The 38-year-old said he had "seen at first hand the limits of our political system" and that quitting the government of President Francois Hollande would enable him "to be free" to push forward his own agenda.
With elections eight months away, the former investment banker said: "I am determined to do everything so that our values, our ideas, our actions can transform France as soon as next year."
While Macron's resignation clears the way for a presidential bid, it is unclear how wide the appeal really is of such a young man who has never held elected office.
An opinion survey last month nevertheless gave him a 41-percent approval rating.
On Tuesday Macron charged that France's political system is broken, and that his movement called "En Marche" (On the Move) would put forward a "diagnosis" of the country's woes next month.
Macron's departure is a blow to Hollande, whose approval ratings are the lowest of any post-war French president. He has pledged not to seek re-election if he fails to rein in stubbornly high unemployment, which is hovering at around 10 percent.
Hollande has said he will not decide on a re-election bid until the end of the year.
The embattled president, who has already alienated the left flank of the Socialist Party through economic and labour reforms, faces further isolation with the loss of the star of his government's centrist flank.
Macron would be a fresh face in a presidential field that includes former president Nicolas Sarkozy, 61, and 71-year-old ex-prime minister Alain Juppe -- both right-wing candidates.
Juppe is France's most popular politician, but Sarkozy is closing the gap fast.
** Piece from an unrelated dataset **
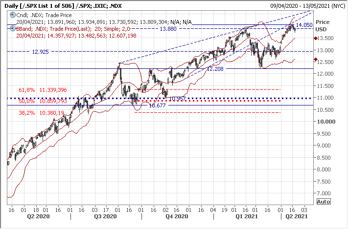 Scenario grafico di breve-medio periodo. Nasdaq 100, ora a 13.780 punti -0,2%. Il Nasdaq soffre l'area dei massimi assoluti segnati lo scorso febbraio a 14.175 punti. Il Nasdaq 100 è invece riuscito a segnare nuovi record assoluti questo mese, anche se marginali. Aumentano le chances di assistere ad un ritracciamento che potrebbe far rivedere area 13.000/12.600 punti.

A poll this week showed both would score 34 percent in November's centre-right primary.
Marine Le Pen, 48, of the far-right anti-immigration National Front, is standing for a second time in presidential elections and many polls show she is likely to reach the second round of voting.
Macron, like most French politicians a graduate of the prestigious Ecole Nationale d'Administration, said he would "present the diagnosis of France drafted with the help of tens of thousands of people" at the end of September.
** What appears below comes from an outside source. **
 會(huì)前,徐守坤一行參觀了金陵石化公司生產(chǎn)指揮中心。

"I will then propose far-reaching action that can be taken," he said.
A maverick in politics as well as in his private life, Macron is married to a divorcee with three children who is some 20 years his senior.
Applauded by liberals for challenging the key planks of French socialism such as the 35-hour work week, the former Rothschild banker and self-made millionaire is criticised by die-hard leftists as being too cosy with big business.
His name is on the first of two economic reform packages that were forced through parliament without a vote under Hollande.
Both sparked angry street protests and created a deep divide within the Socialist Party.
But Macron's straight-talking, anti-establishment flair has seen him win over many young, cosmopolitan French people.
The two-round presidential election will be held on April 23 and May 7, 2017.